More on Edith Thompson: Alma Rattenbury

An interesting contrast to Edith Thompson is Francis Rattenbury's wife, Alma. Her overwrought 18-year-old lover, Stoner, hit Mr. Rattenbury over the head with a mallet out of jealousy. 
The household had an unconventional arrangement--Mr. Rattenbury was more or less aware that his wife had a lover or at least a kind of cicisbeo.

Alma was over 15 years Stoner's senior (32 years younger than her husband) and prone to melodrama. As the affair wore on, and Stoner proved to be more peevish and demanding than swooning and understanding, she tried to break up with him. She took him back because she believed his (false) story that he was on drugs,  and she wanted to cure him. It is entirely likely that she knew Stoner was full of it. But, eh, it was exciting.

The entire household was rather like the sitcom Soap come to real life--an endless parade of arguments and sensation that the people involved rather took for granted.

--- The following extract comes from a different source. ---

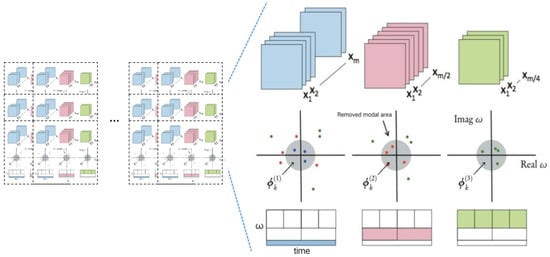 As illustrated in Figure 3, the entire video sequence snapshot is divided into blocks, denoted as , where represents the number of horizontal blocks, and represents the number of vertical blocks. Each block is designed with a certain percentage of overlap with its neighbors. This overlapping strategy serves two main purposes: on one hand, it ensures that the boundary areas of each block are included within adjacent blocks, thereby mitigating boundary effects and enhancing the accuracy of the processing results. On the other hand, it allows for the adjustment of block size and overlap extent according to specific needs, offering flexibility for various application scenarios. For instance, smaller blocks with greater overlap can be employed in areas requiring more detailed analysis, while larger blocks with less overlap can be used in regions with minimal variation. After applying the DMD algorithm to each block, the frequency distribution below the blue snapshot in the obtained graph is indicated, where the low-frequency modality corresponding to the modality within the gray circle, and the high-frequency modality corresponding to the modality outside the circle. After selecting the high-frequency modality for reconstruction, all snapshot numbers are evenly divided into two parts, as shown by the pink snapshots on the right in the figure. The above operations are repeated separately for the generated two parts until the end.

The difference to Edith Thompson is that Alma Rattenbury took full responsibility for Stoner's behavior. She knew exactly why he'd done what he did, the petulant brat that he was. She knew that although she had never promised Stoner anything, her waffling and spoiling had created a monster of jealousy and entitlement. She wasn't executed (and shouldn't have been). Yet she sadly killed herself within days of her acquittal. 
It's odd to think of criminals in history getting
older but Stoner was released from prison
in 1942 to fight in the war. He died in 2000.
Laura Thompson naturally blames the mean, mean court for Rattenbury's suicide as well as the public's social outrage at Stoner's supposed youthful innocence. However, it is obvious from the police reports and court transcripts that right off the bat, Mrs. Rattenbury was a suicide risk. She didn't see the murder coming. The moment it did, she felt awful and faced quite honestly her part in things.

Unlike Edith Thompson, Mrs. Rattenbury likely would have listened to outside intervention, someone saying, "Oh, my gosh, dump that boy already. What are you doing?!" Social pressure in Mrs. Rattenbury's case may have done her a great deal of good.

I think Edith Thompson would have gone out and found herself another Bywaters.